◆ **INPUT RECORDS**
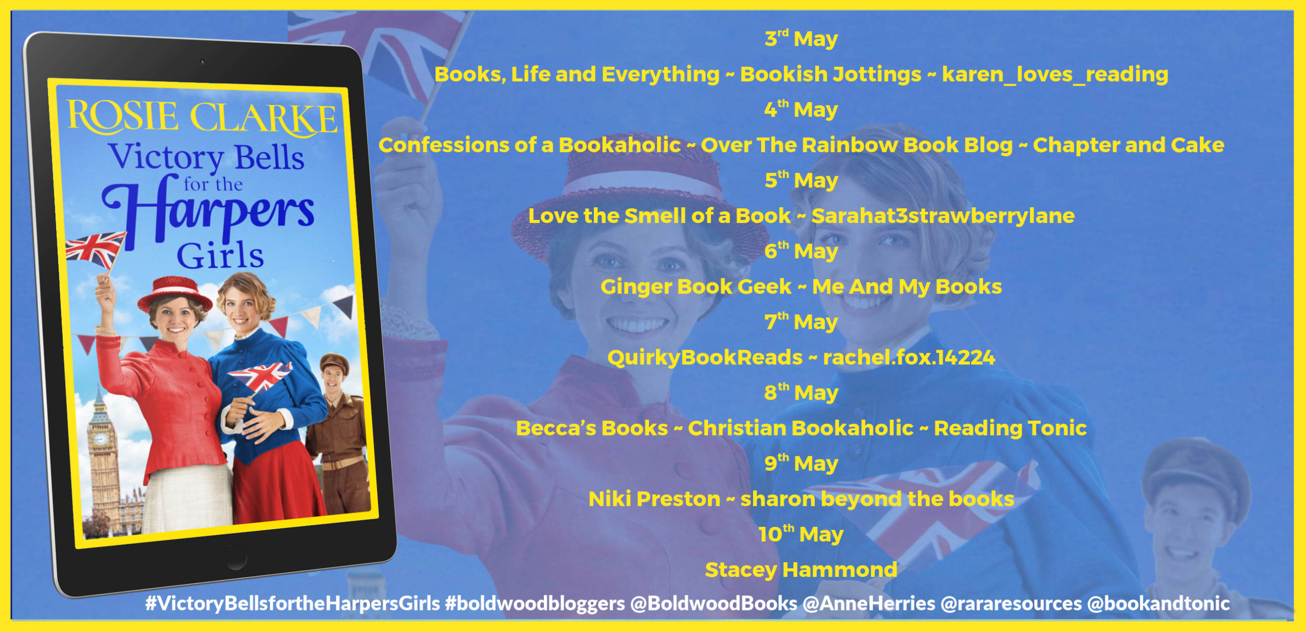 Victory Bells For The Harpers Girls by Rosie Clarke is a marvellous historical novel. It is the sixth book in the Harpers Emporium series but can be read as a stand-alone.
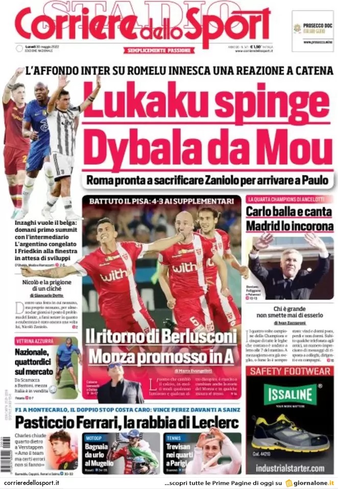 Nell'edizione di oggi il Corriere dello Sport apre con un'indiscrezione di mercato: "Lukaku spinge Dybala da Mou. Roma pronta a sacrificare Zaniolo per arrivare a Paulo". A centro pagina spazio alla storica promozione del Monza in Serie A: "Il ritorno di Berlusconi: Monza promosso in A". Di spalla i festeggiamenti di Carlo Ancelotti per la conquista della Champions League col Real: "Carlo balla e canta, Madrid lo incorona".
==
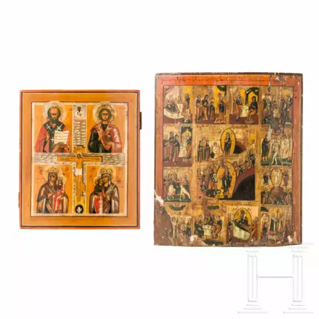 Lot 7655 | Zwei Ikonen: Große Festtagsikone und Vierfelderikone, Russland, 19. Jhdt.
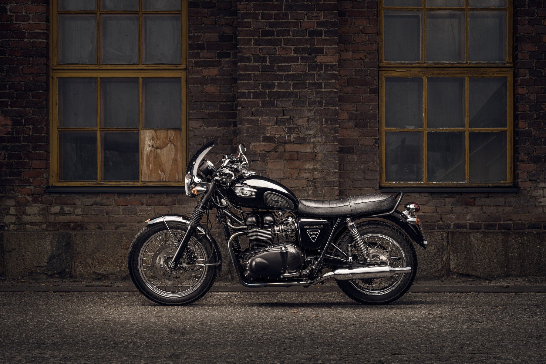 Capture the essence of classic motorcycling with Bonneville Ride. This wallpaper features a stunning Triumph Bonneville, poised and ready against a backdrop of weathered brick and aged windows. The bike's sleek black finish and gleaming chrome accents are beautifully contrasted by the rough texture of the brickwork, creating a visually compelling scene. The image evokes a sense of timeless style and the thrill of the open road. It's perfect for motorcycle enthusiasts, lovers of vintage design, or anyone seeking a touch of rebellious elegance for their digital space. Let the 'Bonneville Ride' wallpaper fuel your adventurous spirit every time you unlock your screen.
...
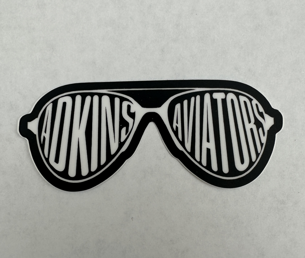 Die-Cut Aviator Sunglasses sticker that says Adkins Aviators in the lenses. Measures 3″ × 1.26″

◆ **WORK REQUIRED**
Print an exact copy of the lines above, from the one containing "Victory Bells For" through the one containing "Nell'edizione di oggi", and leave out the pictures.

◆ **TASK RESULT**
 Victory Bells For The Harpers Girls by Rosie Clarke is a marvellous historical novel. It is the sixth book in the Harpers Emporium series but can be read as a stand-alone.
 Nell'edizione di oggi il Corriere dello Sport apre con un'indiscrezione di mercato: "Lukaku spinge Dybala da Mou. Roma pronta a sacrificare Zaniolo per arrivare a Paulo". A centro pagina spazio alla storica promozione del Monza in Serie A: "Il ritorno di Berlusconi: Monza promosso in A". Di spalla i festeggiamenti di Carlo Ancelotti per la conquista della Champions League col Real: "Carlo balla e canta, Madrid lo incorona".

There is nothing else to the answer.